TASK PROMPT =
A precise reproduction of every record below is needed, minus the pictures.

-=-=-

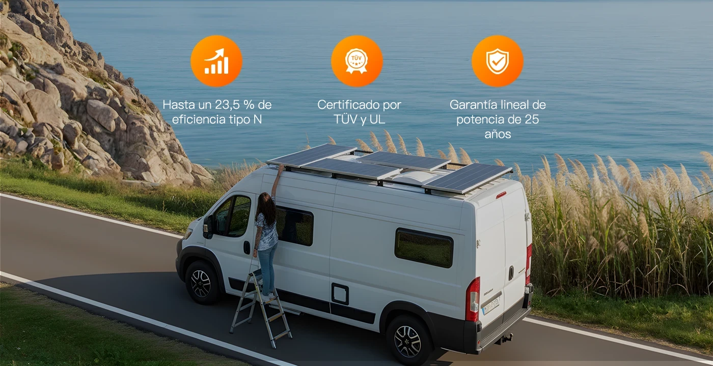 Por supuesto. Es una de nuestras opciones más populares para sistemas RV aislados de la red. Su alta densidad de potencia le permite aprovechar al máximo el espacio limitado del techo y, al mismo tiempo, proporcionar suficiente energía para alimentar equipos como frigoríficos y luces.
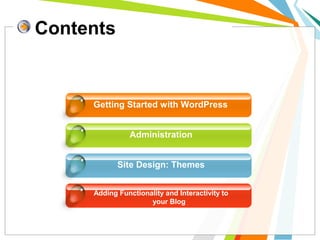 The document is an outline for a WordPress online training course covering key topics such as blogging basics, WordPress administration, site design, and marketing strategies for blogs. It includes instructions on setting up user accounts, managing posts, installing themes and plugins, and enhancing blog interactivity. Additionally, it provides insights on SEO optimization and monetizing blogs.
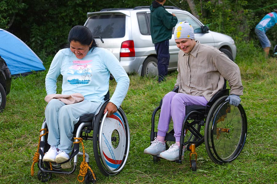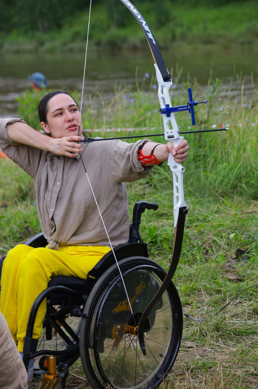 Здесь ответственный за соревнования заместитель главного судьи Сергей Пивень. Соревнования проходят в личном зачете. Общая длина 500 м, класс дистанции – второй. Дистанция на колясках включает в себя два этапа: фигурное вождение (езда по кругу, ворота, зиг-заг, змейка и стоп-линия) и туристский триал (бревно, лабиринт, ров и подъем). «Нацелен на победу, надеюсь войти в тройку лидеров!» – говорит Андрей Мелюх из Санкт-Петербурга, спортсмен приехал один, без сопровождающего, здесь его под крыло взяли Оренбуржцы.
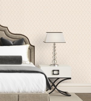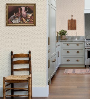 Papel pintado de flores pequeñas con textura entelada en colores malva y beige fondo blanco -
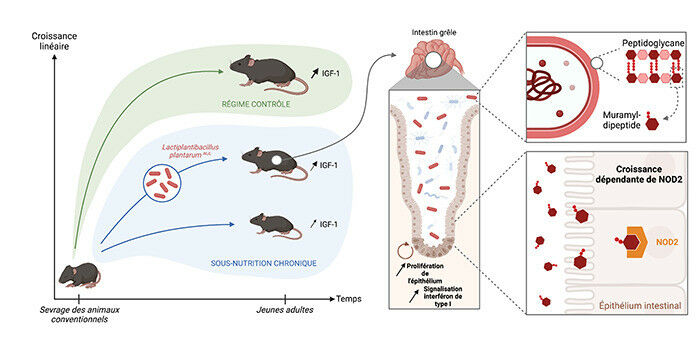 The LpWJL bacterial strain enhances growth of undernourished mice via signalling triggered by intestinal NOD2 receptor recognition of muramyl dipeptide from the bacterial cell wall. © Amélie Joly 1 While insulin-like growth factor 1 (IGF-1), mainly produced by the liver, has a chemical structure similar to that of insulin, these hormones have distinct functions: IGF-1 stimulates tissue and skeletal growth, whereas insulin regulates energy metabolism as required for growth. The gut microbiota is now thought to constitute an organ in its own right. The work of a team led by scientists from the CNRS and ENS de Lyon, in collaboration with Claude Bernard Lyon 1 University, INSERM, and INRAE, is the subject of an upcoming article in Science . These researchers have learned how a certain microbiotic bacterial strain stimulates the growth of undernourished young animals. Though essential for health, microbiotic activity is still poorly understood. Through earlier studies, an international research team, 1 directed by scientists from the Institute of Functional Genomics of Lyon (CNRS / ENS de Lyon), demonstrated that the gut microbiota plays a key role in the growth of juvenile individuals belonging to species as different as drosophilas and house mice.
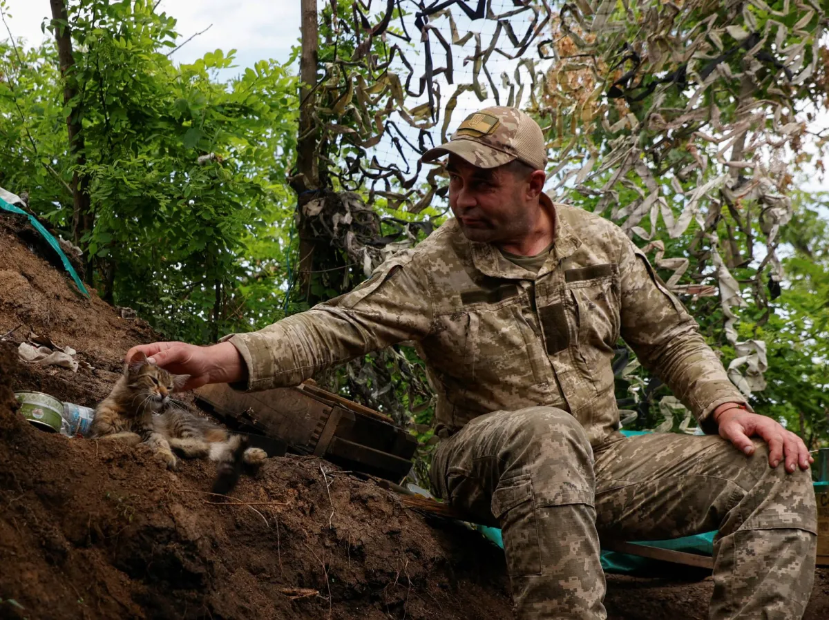 جندي أوكراني يداعب قطة في قرية نوفودارفيكا التي استعادت أوكرانيا السيطرة عليها مؤخراً (رويترز)
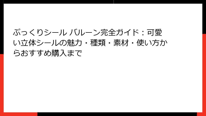 - ぷっくりシール バルーンをおすすめする理由と購入ガイド
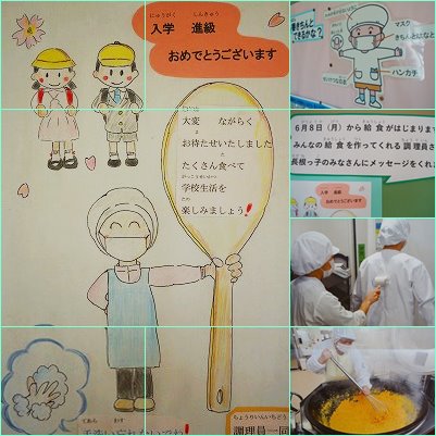 紹介が遅れまして申し訳ありません。給食の始まりに合わせて、調理員さんからのメッセージが職員室前にはってありました。いつも心を込めて、衛生にも細心の注意を払い子どもたちのために一生懸命調理されているお気持ちがよく伝わる絵と文でした。
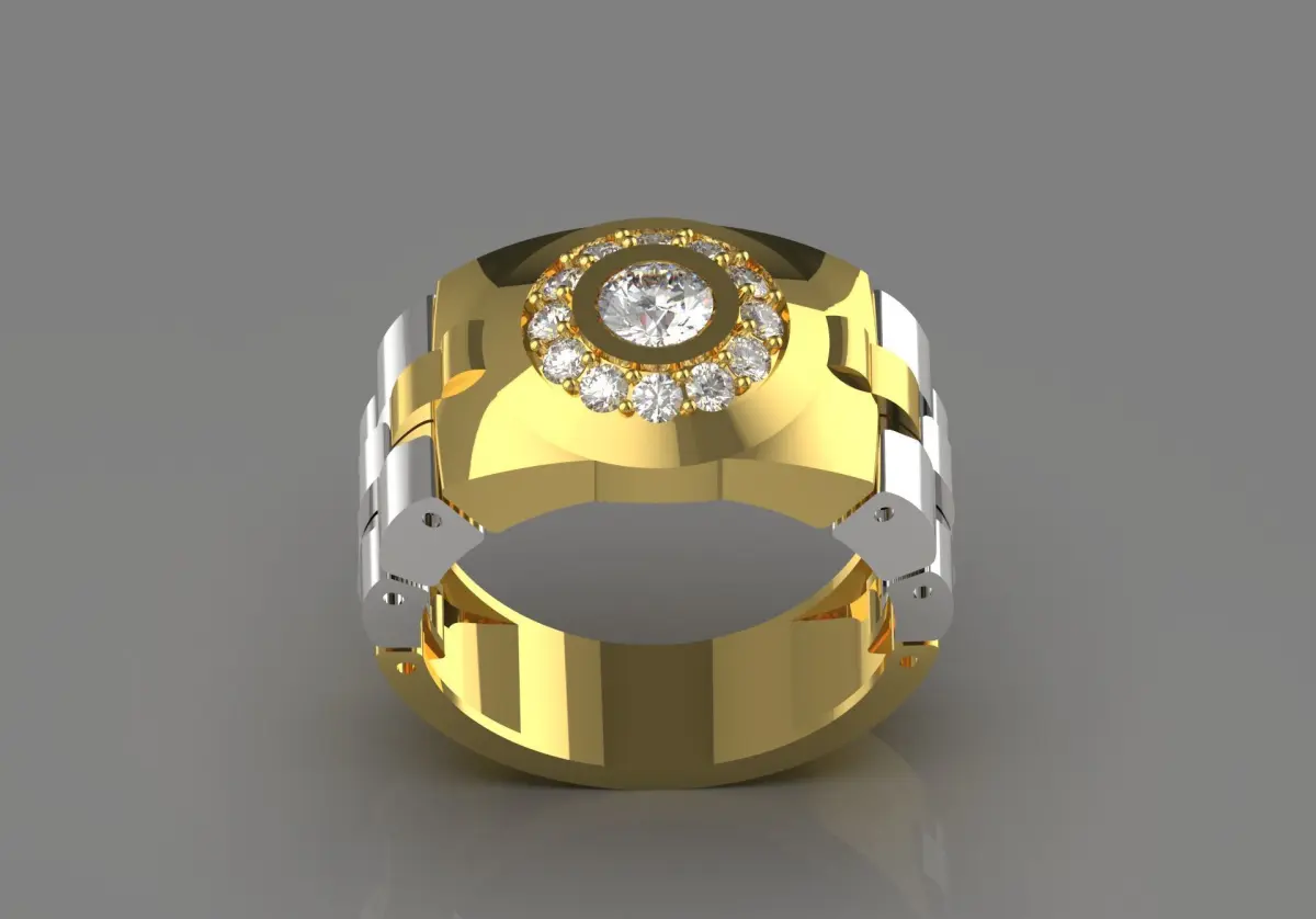 Rolex Jewelry Ring Dimensions: See pictures for details or contact usThis men's ring with a unique and luxurious design is a symbol of power and style. The body of the ring is made of high quality metals and its golden shine along with silver details gives it a special and attractive effect.
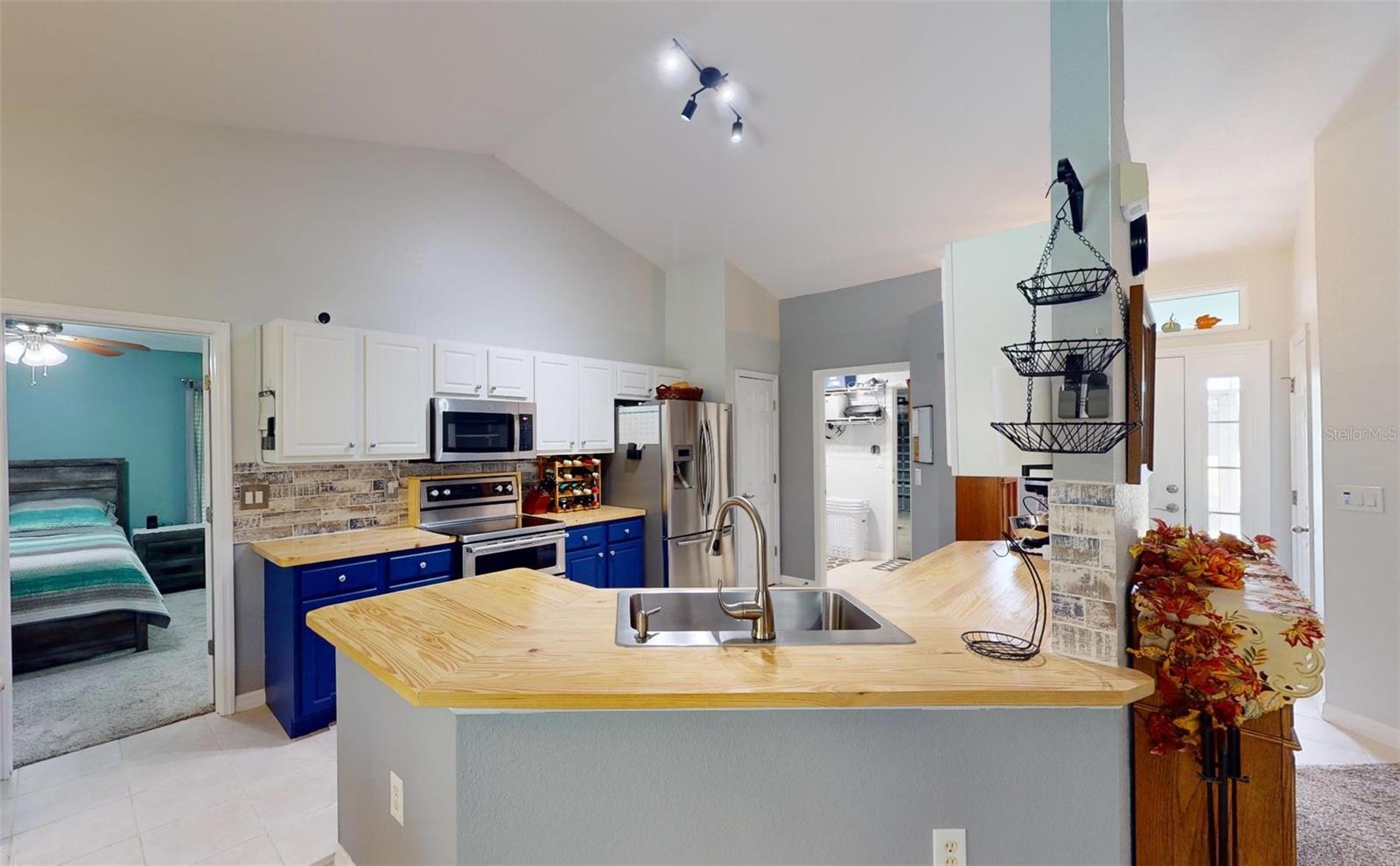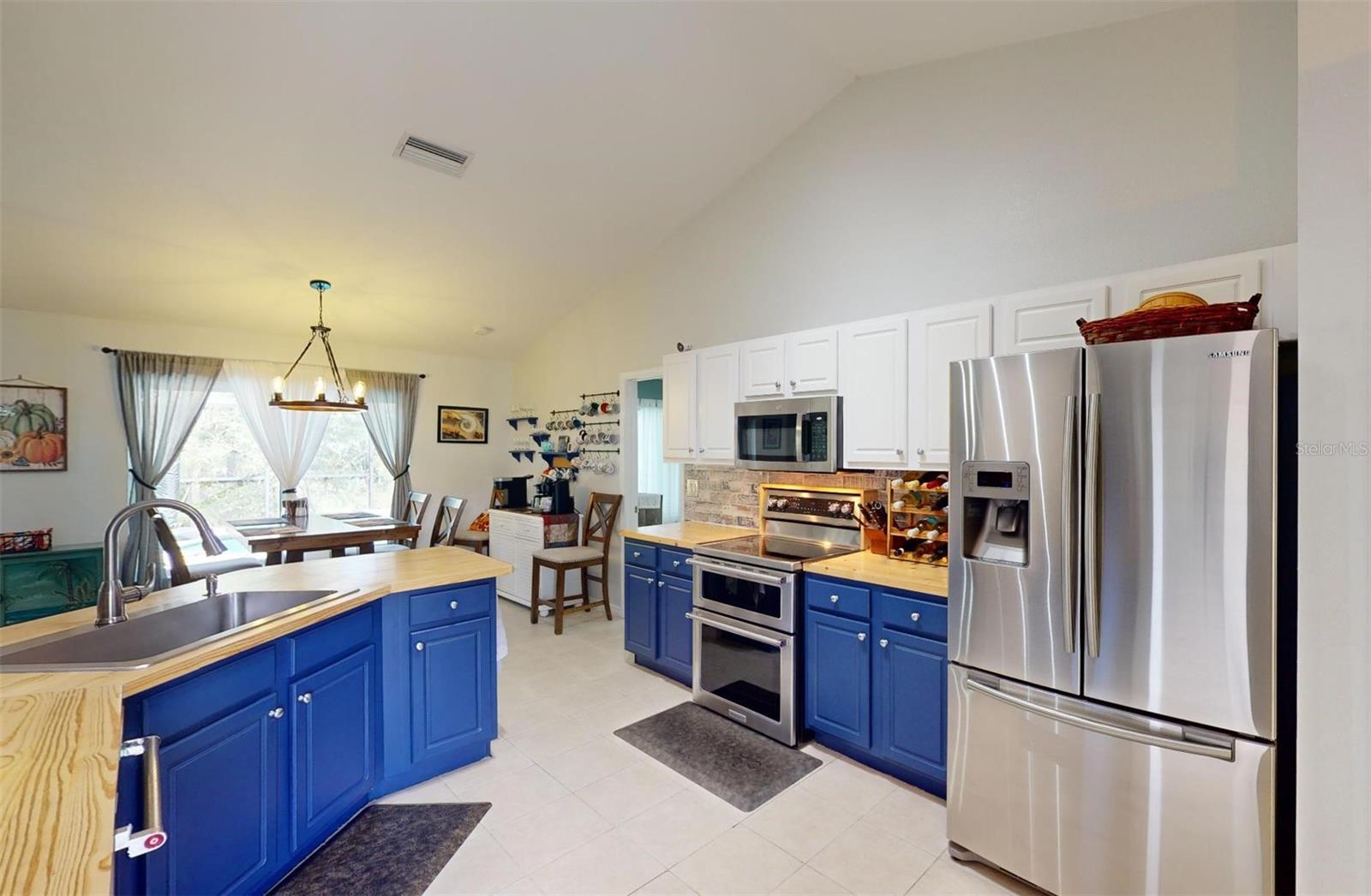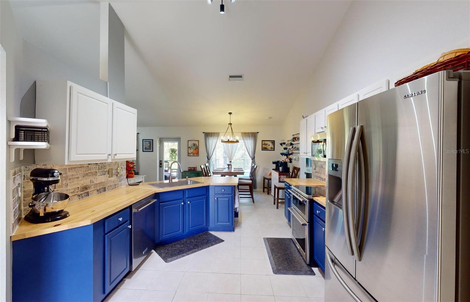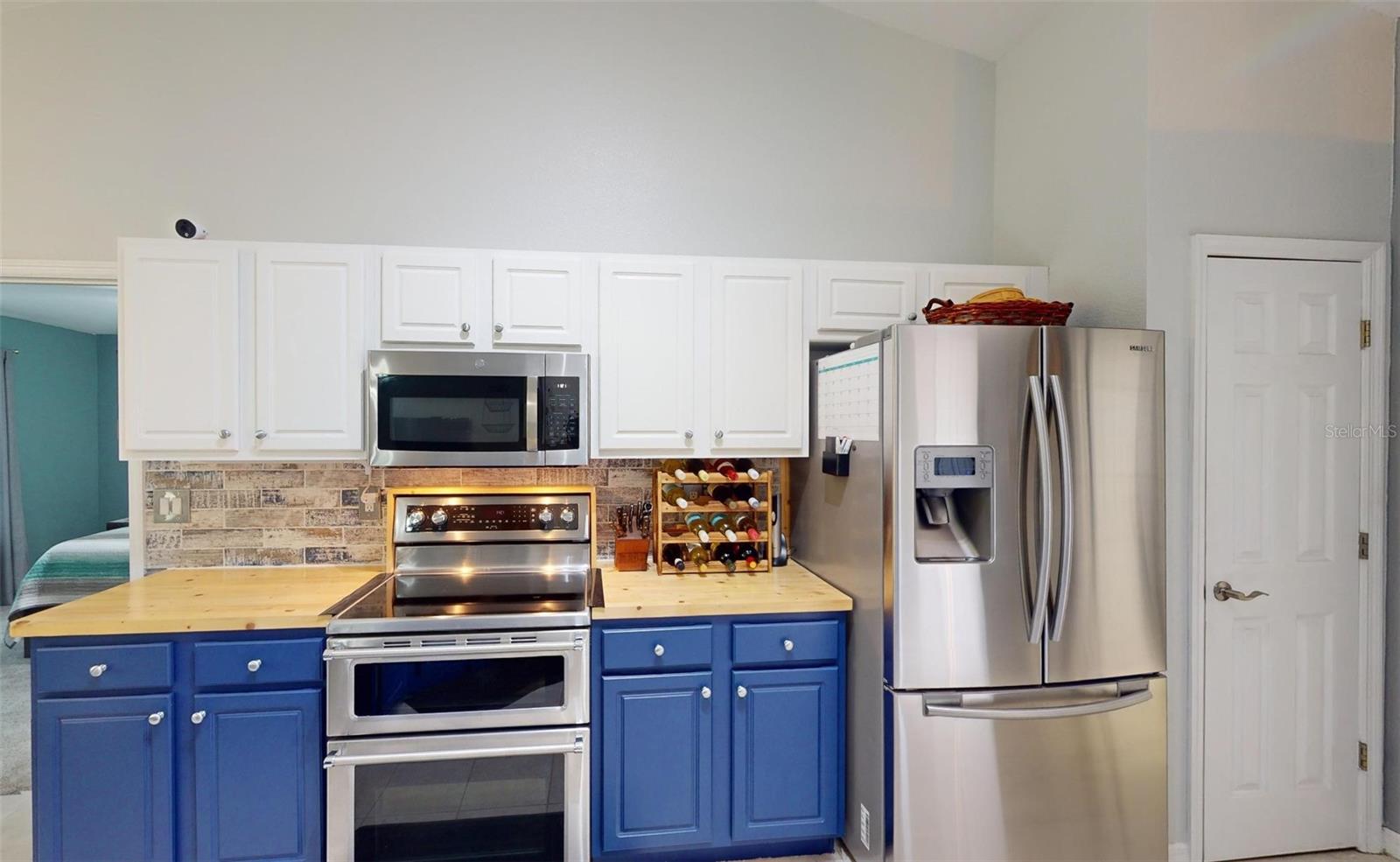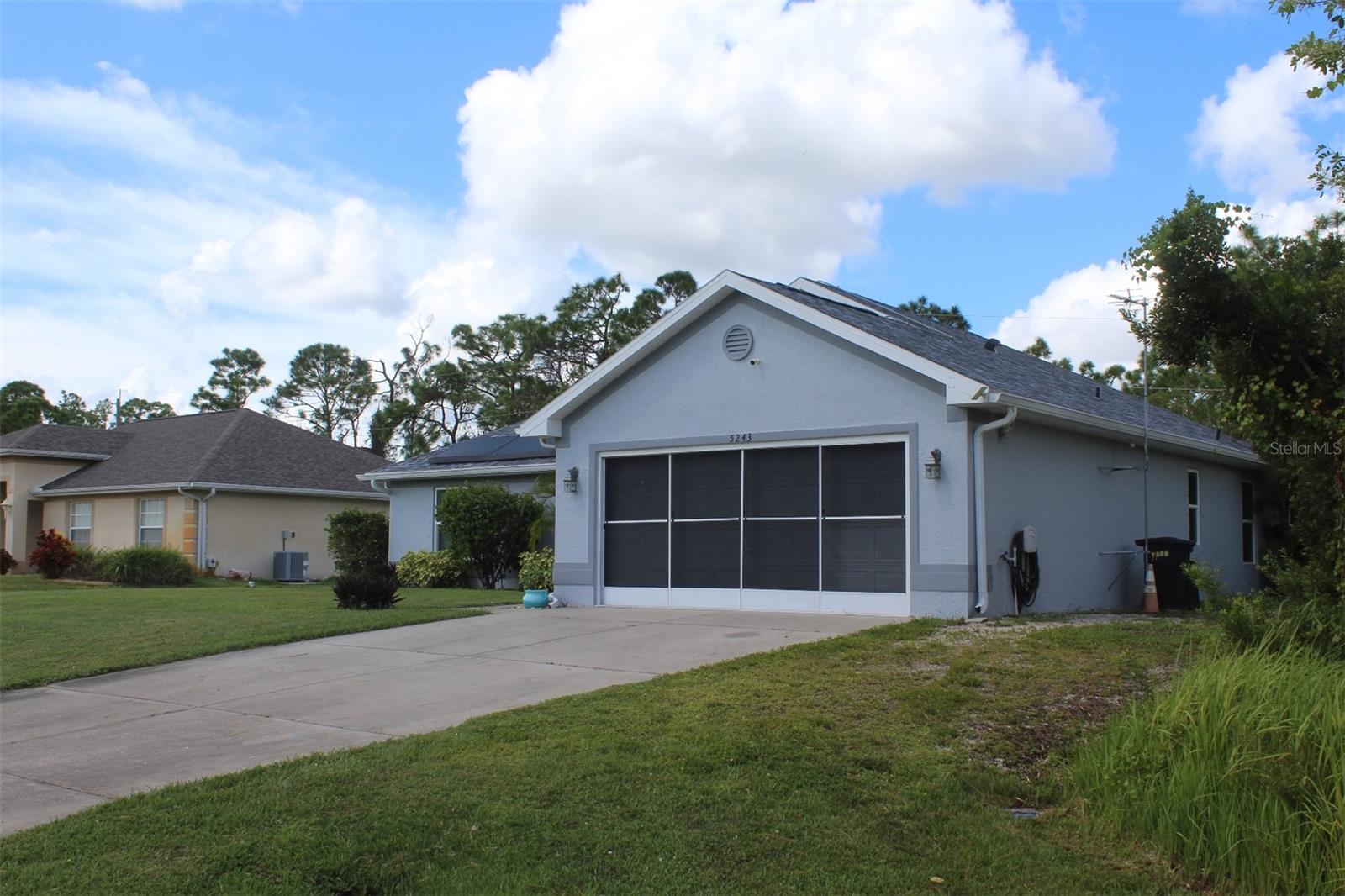 Spacious 3-Bedroom Home with Bonus Room, Heated Saltwater Pool, Sunrun Solar, and Extra Lot.Discover your dream home in this stunning 3-bedroom, 2-bathroom property with an additional bonus room that can serve as a 4th bedroom, office, or playroom. Located on a beautifully landscaped half-acre lot, this home offers the perfect combination of comfort, energy efficiency, and luxurious outdoor living.Heated Saltwater Pool & Spa: Relax year-round in your heated saltwater pool with an attached spa. The pool deck features elegant brick pavers, and the lanai comes equipped with a convenient roll-down sunshade for extra privacy and comfort. Energy-Efficient Living with Sunrun Solar System: This home includes a Sunrun leased whole-house solar system that is assumable by the new owner. With an average electric bill for 2024 of just $41.50 per month, you'll enjoy significant energy savings. Plus, **Sunrun maintains the system**, providing hassle-free, eco-friendly living.Spacious Kitchen: The modern kitchen boasts stainless steel appliances, including a range with a double oven, and stylish butcher block countertops--a perfect space for cooking and gathering. Primary Suite: The spacious primary bedroom includes a large en-suite bathroom with a dual-sink vanity, walk-in shower, private toilet area, and a generous walk-in closet.Outdoor Living: Enjoy an extra lot with a 10x20 shed for added storage, rain barrels for eco-friendly watering, and a partial drive with culvert for even more space--perfect for a boat or RV.Additional Amenities: Interior laundry room with washer and dryer included, newer double-pane windows with hurricane shutters, city water access, and a beautifully landscaped 1/2 acre yard. New roof installed in 2023 provides lasting durability and peace of mind. The AC system has a UV blue light filter that's used in HVAC systems to improve indoor air quality This home offers a rare blend of modern convenience, energy efficiency, and luxurious outdoor living, making it a must-see property!

-=-=-

SOLVED EXERCISE =
 Por supuesto. Es una de nuestras opciones más populares para sistemas RV aislados de la red. Su alta densidad de potencia le permite aprovechar al máximo el espacio limitado del techo y, al mismo tiempo, proporcionar suficiente energía para alimentar equipos como frigoríficos y luces.
 The document is an outline for a WordPress online training course covering key topics such as blogging basics, WordPress administration, site design, and marketing strategies for blogs. It includes instructions on setting up user accounts, managing posts, installing themes and plugins, and enhancing blog interactivity. Additionally, it provides insights on SEO optimization and monetizing blogs.
 Здесь ответственный за соревнования заместитель главного судьи Сергей Пивень. Соревнования проходят в личном зачете. Общая длина 500 м, класс дистанции – второй. Дистанция на колясках включает в себя два этапа: фигурное вождение (езда по кругу, ворота, зиг-заг, змейка и стоп-линия) и туристский триал (бревно, лабиринт, ров и подъем). «Нацелен на победу, надеюсь войти в тройку лидеров!» – говорит Андрей Мелюх из Санкт-Петербурга, спортсмен приехал один, без сопровождающего, здесь его под крыло взяли Оренбуржцы.
 Papel pintado de flores pequeñas con textura entelada en colores malva y beige fondo blanco -
 The LpWJL bacterial strain enhances growth of undernourished mice via signalling triggered by intestinal NOD2 receptor recognition of muramyl dipeptide from the bacterial cell wall. © Amélie Joly 1 While insulin-like growth factor 1 (IGF-1), mainly produced by the liver, has a chemical structure similar to that of insulin, these hormones have distinct functions: IGF-1 stimulates tissue and skeletal growth, whereas insulin regulates energy metabolism as required for growth. The gut microbiota is now thought to constitute an organ in its own right. The work of a team led by scientists from the CNRS and ENS de Lyon, in collaboration with Claude Bernard Lyon 1 University, INSERM, and INRAE, is the subject of an upcoming article in Science . These researchers have learned how a certain microbiotic bacterial strain stimulates the growth of undernourished young animals. Though essential for health, microbiotic activity is still poorly understood. Through earlier studies, an international research team, 1 directed by scientists from the Institute of Functional Genomics of Lyon (CNRS / ENS de Lyon), demonstrated that the gut microbiota plays a key role in the growth of juvenile individuals belonging to species as different as drosophilas and house mice.
 جندي أوكراني يداعب قطة في قرية نوفودارفيكا التي استعادت أوكرانيا السيطرة عليها مؤخراً (رويترز)
 - ぷっくりシール バルーンをおすすめする理由と購入ガイド
 紹介が遅れまして申し訳ありません。給食の始まりに合わせて、調理員さんからのメッセージが職員室前にはってありました。いつも心を込めて、衛生にも細心の注意を払い子どもたちのために一生懸命調理されているお気持ちがよく伝わる絵と文でした。
 Rolex Jewelry Ring Dimensions: See pictures for details or contact usThis men's ring with a unique and luxurious design is a symbol of power and style. The body of the ring is made of high quality metals and its golden shine along with silver details gives it a special and attractive effect.
 Spacious 3-Bedroom Home with Bonus Room, Heated Saltwater Pool, Sunrun Solar, and Extra Lot.Discover your dream home in this stunning 3-bedroom, 2-bathroom property with an additional bonus room that can serve as a 4th bedroom, office, or playroom. Located on a beautifully landscaped half-acre lot, this home offers the perfect combination of comfort, energy efficiency, and luxurious outdoor living.Heated Saltwater Pool & Spa: Relax year-round in your heated saltwater pool with an attached spa. The pool deck features elegant brick pavers, and the lanai comes equipped with a convenient roll-down sunshade for extra privacy and comfort. Energy-Efficient Living with Sunrun Solar System: This home includes a Sunrun leased whole-house solar system that is assumable by the new owner. With an average electric bill for 2024 of just $41.50 per month, you'll enjoy significant energy savings. Plus, **Sunrun maintains the system**, providing hassle-free, eco-friendly living.Spacious Kitchen: The modern kitchen boasts stainless steel appliances, including a range with a double oven, and stylish butcher block countertops--a perfect space for cooking and gathering. Primary Suite: The spacious primary bedroom includes a large en-suite bathroom with a dual-sink vanity, walk-in shower, private toilet area, and a generous walk-in closet.Outdoor Living: Enjoy an extra lot with a 10x20 shed for added storage, rain barrels for eco-friendly watering, and a partial drive with culvert for even more space--perfect for a boat or RV.Additional Amenities: Interior laundry room with washer and dryer included, newer double-pane windows with hurricane shutters, city water access, and a beautifully landscaped 1/2 acre yard. New roof installed in 2023 provides lasting durability and peace of mind. The AC system has a UV blue light filter that's used in HVAC systems to improve indoor air quality This home offers a rare blend of modern convenience, energy efficiency, and luxurious outdoor living, making it a must-see property!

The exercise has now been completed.